Wednesday will bring investors the first of three straight days of data on the US labor market, which will culminate with Friday’s big jobs report from the BLS.
Expectations are for Wednesday’s private payrolls number from ADP to hit 185,000, down from last month’s blockbuster 298,000 print.
Elsewhere in economic data on Wednesday, we’ll get two readings on the services sector — from Markit economics and the Institute for Supply Management. These readings are expected to show continued growth in the services sector, which accounts for more than 80% of US economic activity.
In markets on Tuesday, the headline action was fairly muted with stocks finishing higher across the board though just fractionally, as the Dow gained 39 points, or 0.2%, the S&P 500 gained 1.3 points, or 0.06%, and the Nasdaq added 3.9 points, or 0.07%.
The big headlines on Tuesday came from JPMorgan (JPM) CEO Jamie Dimon’s latest letter to shareholders, though two notable stories that didn’t quite get the same billing also crossed the tape on Tuesday.
First, Richmond Federal Reserve president Jeffrey Lacker said Tuesday he would resign, effective immediately. As Reuters reported, Lacker stepped down “after admitting a conversation he had with a Wall Street analyst in 2012 may have disclosed confidential information about Fed policy options.”
“The 2012 leak had triggered a criminal investigation and came as the Federal Reserve was laying the groundwork for a massive bond buying package that it rolled out later in the year,” Reuters added.
“The information was disclosed by Medley Global Advisors one day ahead of the publication of the central bank’s own minutes from its September meeting.”
Business Insider columnist Pedro da Costa wrote Tuesday that this leak, which he pressed Fed Chair Janet Yellen on back in 2015, still has left a number of questions unanswered. Namely, who knew what when, and why did it take years for Lacker’s involvement to surface? The questions will certainly continue.
Elsewhere, Business Insider’s Matt Turner and Rachael Levy reported Tuesday that analysts at Morgan Stanley (MS) made a $5 billion error in its forecasted earnings for Snap (SNAP) in its initial research report on the company. Morgan Stanley, which led the camera company’s public debut, put a $28 price target on the stock. As of Tuesday’s close, Snap shares were trading near $22.

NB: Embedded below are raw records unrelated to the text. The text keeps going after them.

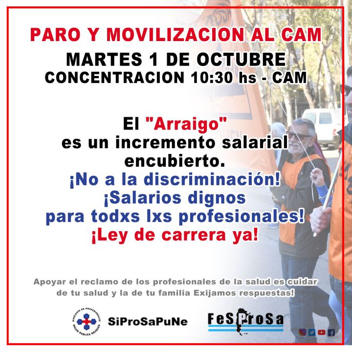 En este sentido, para el martes 1 de octubre los trabajadores anunciaron un paro en los hospitales. Esto implicará una «retención en las tareas ambulatorias», es decir que los turnos previstos para el próximo martes fueron suspendidos.
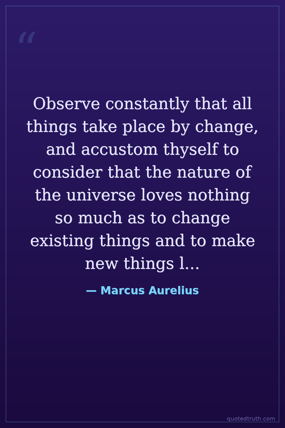 Observe constantly that all things take place by change, and accustom thyself to consider that the nature of the universe loves nothing so much as to change existing things and to make new things like them.
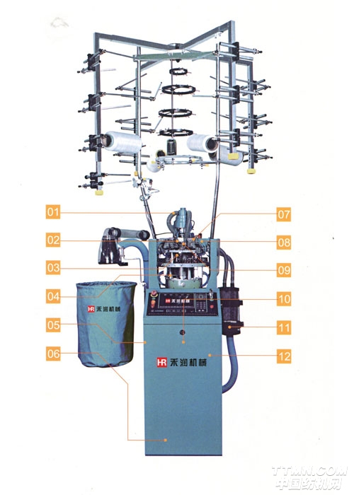 “禾潤(rùn)”牌HR50P7型絲襪機(jī)是由電腦控制的具有四路標(biāo)志系統(tǒng)的單針筒平紋絲襪機(jī)。該機(jī)采用獨(dú)立抽風(fēng)機(jī)或中央抽風(fēng)系統(tǒng)進(jìn)行織物牽拉,機(jī)器配備抗扭裝置。針筒轉(zhuǎn)動(dòng)采用伺服電機(jī)直接驅(qū)動(dòng)以減少轉(zhuǎn)動(dòng)鏈及傳動(dòng)誤差,由步進(jìn)馬達(dá)控制針筒升降,可產(chǎn)生不同疏密、加壓潤(rùn)滑油用以潤(rùn)滑針織、生克和選針片。電腦控制襪子的制作全過程、款式和品質(zhì)。該機(jī)可使用合成纖維、人造纖維以及裸氨綸和包覆紗等原料生產(chǎn)絲襪產(chǎn)品,包括連褲襪、九分褲襪等多種絲襪產(chǎn)品
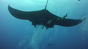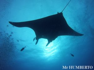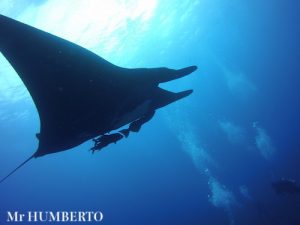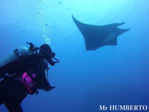 Hola!  Here is the trip report of the latest Socorro trip. The day 1 at El Canyon, the water temperature was 24-25 deg.C. Although we could not go out for the blue water because the current was a bit strong for the two dives in the morning, yet we encountered with many Sharks. And a Black Manta Ray appeared right after the entry and a couple of Manta Rays also showed up later on! The current got mellowed in the afternoon. And the visibility was fantastic! The recent regular, the expecting mother Galapagos Shark appeared as well. Then, Silvertip Shark, Dusky Sharks and even Hammerhead Sharks joined for the shark show! Additionally, we had a great luck to see a Black Manta Ray on the surface, jumped up from the ocean to the air as we were on a dinghy.
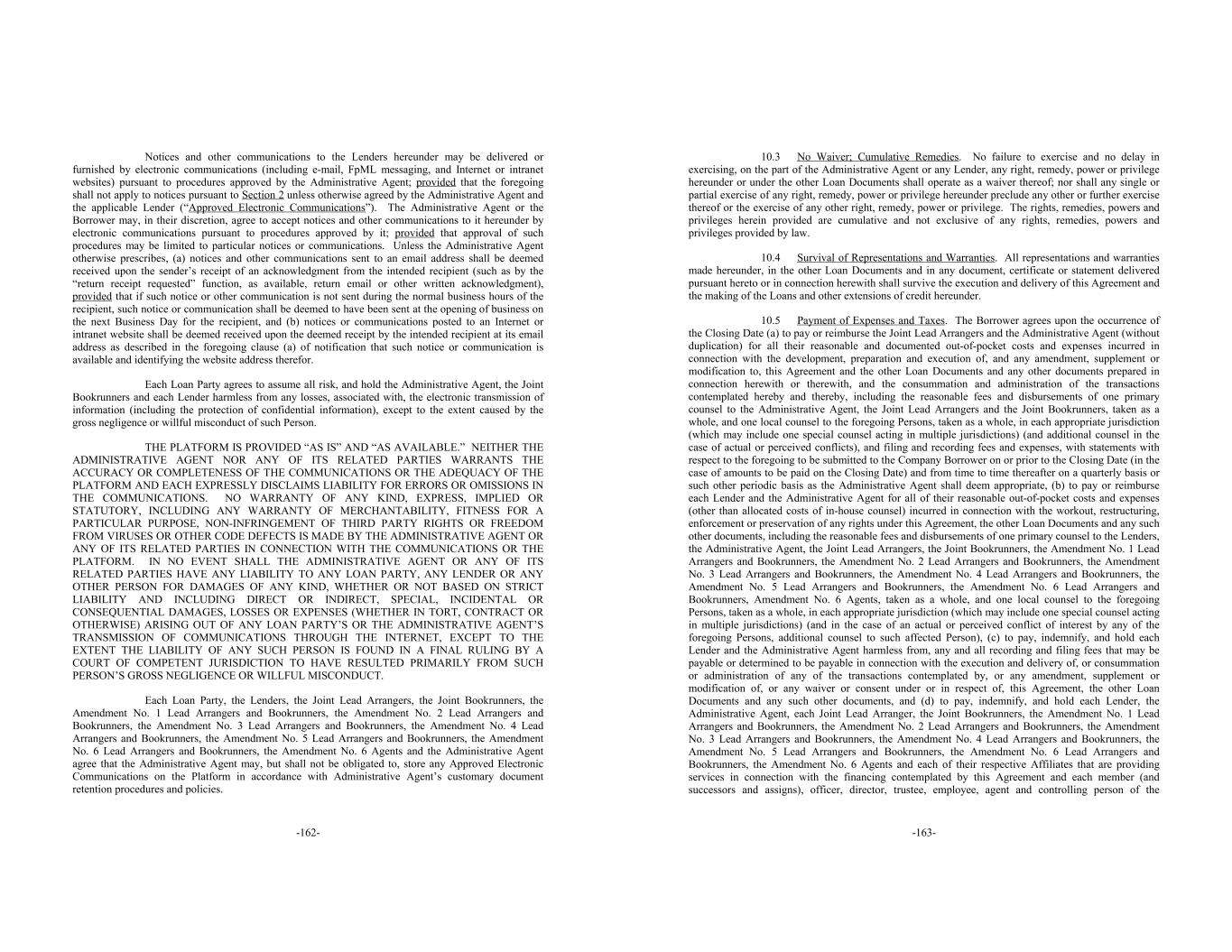 Notices and other communications to the Lenders hereunder may be delivered or furnished by electronic communications (including e-mail, FpML messaging, and Internet or intranet websites) pursuant to procedures approved by the Administrative Agent; provided that the foregoing shall not apply to notices pursuant to Section 2 unless otherwise agreed by the Administrative Agent and the applicable Lender (“Approved Electronic Communications”). The Administrative Agent or the Borrower may, in their discretion, agree to accept notices and other communications to it hereunder by electronic communications pursuant to procedures approved by it; provided that approval of such procedures may be limited to particular notices or communications. Unless the Administrative Agent otherwise prescribes, (a) notices and other communications sent to an email address shall be deemed received upon the sender’s receipt of an acknowledgment from the intended recipient (such as by the “return receipt requested” function, as available, return email or other written acknowledgment), provided that if such notice or other communication is not sent during the normal business hours of the recipient, such notice or communication shall be deemed to have been sent at the opening of business on the next Business Day for the recipient, and (b) notices or communications posted to an Internet or intranet website shall be deemed received upon the deemed receipt by the intended recipient at its email address as described in the foregoing clause (a) of notification that such notice or communication is available and identifying the website address therefor. Each Loan Party agrees to assume all risk, and hold the Administrative Agent, the Joint Bookrunners and each Lender harmless from any losses, associated with, the electronic transmission of information (including the protection of confidential information), except to the extent caused by the gross negligence or willful misconduct of such Person. THE PLATFORM IS PROVIDED “AS IS” AND “AS AVAILABLE.” NEITHER THE ADMINISTRATIVE AGENT NOR ANY OF ITS RELATED PARTIES WARRANTS THE ACCURACY OR COMPLETENESS OF THE COMMUNICATIONS OR THE ADEQUACY OF THE PLATFORM AND EACH EXPRESSLY DISCLAIMS LIABILITY FOR ERRORS OR OMISSIONS IN THE COMMUNICATIONS. NO WARRANTY OF ANY KIND, EXPRESS, IMPLIED OR STATUTORY, INCLUDING ANY WARRANTY OF MERCHANTABILITY, FITNESS FOR A PARTICULAR PURPOSE, NON-INFRINGEMENT OF THIRD PARTY RIGHTS OR FREEDOM FROM VIRUSES OR OTHER CODE DEFECTS IS MADE BY THE ADMINISTRATIVE AGENT OR ANY OF ITS RELATED PARTIES IN CONNECTION WITH THE COMMUNICATIONS OR THE PLATFORM. IN NO EVENT SHALL THE ADMINISTRATIVE AGENT OR ANY OF ITS RELATED PARTIES HAVE ANY LIABILITY TO ANY LOAN PARTY, ANY LENDER OR ANY OTHER PERSON FOR DAMAGES OF ANY KIND, WHETHER OR NOT BASED ON STRICT LIABILITY AND INCLUDING DIRECT OR INDIRECT, SPECIAL, INCIDENTAL OR CONSEQUENTIAL DAMAGES, LOSSES OR EXPENSES (WHETHER IN TORT, CONTRACT OR OTHERWISE) ARISING OUT OF ANY LOAN PARTY’S OR THE ADMINISTRATIVE AGENT’S TRANSMISSION OF COMMUNICATIONS THROUGH THE INTERNET, EXCEPT TO THE EXTENT THE LIABILITY OF ANY SUCH PERSON IS FOUND IN A FINAL RULING BY A COURT OF COMPETENT JURISDICTION TO HAVE RESULTED PRIMARILY FROM SUCH PERSON’S GROSS NEGLIGENCE OR WILLFUL MISCONDUCT. Each Loan Party, the Lenders, the Joint Lead Arrangers, the Joint Bookrunners, the Amendment No. 1 Lead Arrangers and Bookrunners, the Amendment No. 2 Lead Arrangers and Bookrunners, the Amendment No. 3 Lead Arrangers and Bookrunners, the Amendment No. 4 Lead Arrangers and Bookrunners, the Amendment No. 5 Lead Arrangers and Bookrunners, the Amendment No. 6 Lead Arrangers and Bookrunners, the Amendment No. 6 Agents and the Administrative Agent agree that the Administrative Agent may, but shall not be obligated to, store any Approved Electronic Communications on the Platform in accordance with Administrative Agent’s customary document retention procedures and policies. -162- No Waiver; Cumulative Remedies. No failure to exercise and no delay in10.3 exercising, on the part of the Administrative Agent or any Lender, any right, remedy, power or privilege hereunder or under the other Loan Documents shall operate as a waiver thereof; nor shall any single or partial exercise of any right, remedy, power or privilege hereunder preclude any other or further exercise thereof or the exercise of any other right, remedy, power or privilege. The rights, remedies, powers and privileges herein provided are cumulative and not exclusive of any rights, remedies, powers and privileges provided by law. Survival of Representations and Warranties. All representations and warranties10.4 made hereunder, in the other Loan Documents and in any document, certificate or statement delivered pursuant hereto or in connection herewith shall survive the execution and delivery of this Agreement and the making of the Loans and other extensions of credit hereunder. Payment of Expenses and Taxes. The Borrower agrees upon the occurrence of10.5 the Closing Date (a) to pay or reimburse the Joint Lead Arrangers and the Administrative Agent (without duplication) for all their reasonable and documented out-of-pocket costs and expenses incurred in connection with the development, preparation and execution of, and any amendment, supplement or modification to, this Agreement and the other Loan Documents and any other documents prepared in connection herewith or therewith, and the consummation and administration of the transactions contemplated hereby and thereby, including the reasonable fees and disbursements of one primary counsel to the Administrative Agent, the Joint Lead Arrangers and the Joint Bookrunners, taken as a whole, and one local counsel to the foregoing Persons, taken as a whole, in each appropriate jurisdiction (which may include one special counsel acting in multiple jurisdictions) (and additional counsel in the case of actual or perceived conflicts), and filing and

JPMorgan CEO Jamie Dimon’s latest missive to shareholders was, on balance, perhaps what you expected.
But the content of Dimon’s letter is perhaps less important than what this letter is beginning to stand for. Namely, that this is the next big CEO letter to shareholders.
Each year, investors eagerly await the publication of Berkshire Hathaway (BRK-A, BRK-B) CEO Warren Buffett’s letter to shareholders. Buffett’s writing on markets have been collected into books and, over the years, have more or less given students and investors the equivalent of years worth of business school lessons.
On this count, Dimon’s letters — while detailed and informative — fall a bit short.
But during a town hall discussion hosted by Yahoo Finance editor-in-chief Andy Serwer, Dimon said that Buffett’s goal to write a letter explaining the goings-on at Berkshire to his very smart, but not business-inclined, sister was the motivating principle behind his draft.
And in this, Dimon is making clear that as the chief executive of one of the world’s largest and most recognizable financial institutions, he is striving as much for a mainstream audience as an expert investing one.
No one will be the next Warren Buffett, an avatar of a period in American capitalism when capital markets were ascendant and a shut-in from Omaha, Nebraska could be the market’s most formidable player. But perhaps Dimon, with his brash New York attitude and desire to, in his words, speak his mind “to anyone, anytime, anywhere,” will come to represent the current era of the US economy.
This is a time when bankers are on the defensive, when technology is ascendent, and when the president boasts about his ability to make deals. It’s a time when a letter to shareholders gives not a collection of life and business lessons, but an overview of everything good and everything bad about the current iteration of the American experiment.